Strategy (as outlined in the document being reviewed by Prof. Davidson) is one thing: the meat ax of sequestration is another. The downsizing she posits may be the best case scenario.

"(L)et's not confuse size with competency. Not sizing for Iraqs or Afghanistans does not, and should not, mean forgetting how to conduct such missions -- no matter the size."

&

"Throughout its entire 250-year history, coin, stability operations, and nation building have been far from an "irregular" occurrence. The U.S. has conducted such missions -- on a large scale -- about every 25 years since the Mexican War in the 1840's. U.S. ground troops conducted nation-building, peace-keeping, and a series of counter-guerilla wars against American Indians on the western frontier throughout the 1800's. They conducted a bloody counterinsurgency in the Philippines (1898-1902), a number of "small wars" in the Caribbean (1930's), and occupation duty after the American Civil War and the two World Wars.

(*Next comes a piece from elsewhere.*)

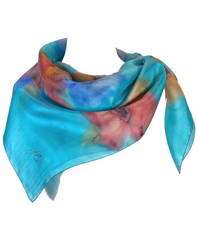 Foulard fait de soie luxueuse peint à la main, unique et original.

Since the end of the Cold War, the U.S. has deployed every 18-24 months in response to complex crises of various size, with the average duration of these endeavors becoming increasingly protracted.

From the beginning, these missions have been frustrating and ill-defined, and they have always been controversial. Repeatedly, after each painful episode, the military has sought to avoid having to do them again by forgetting its doctrine and failing to plan, leaving the next generation to re-learn on the fly.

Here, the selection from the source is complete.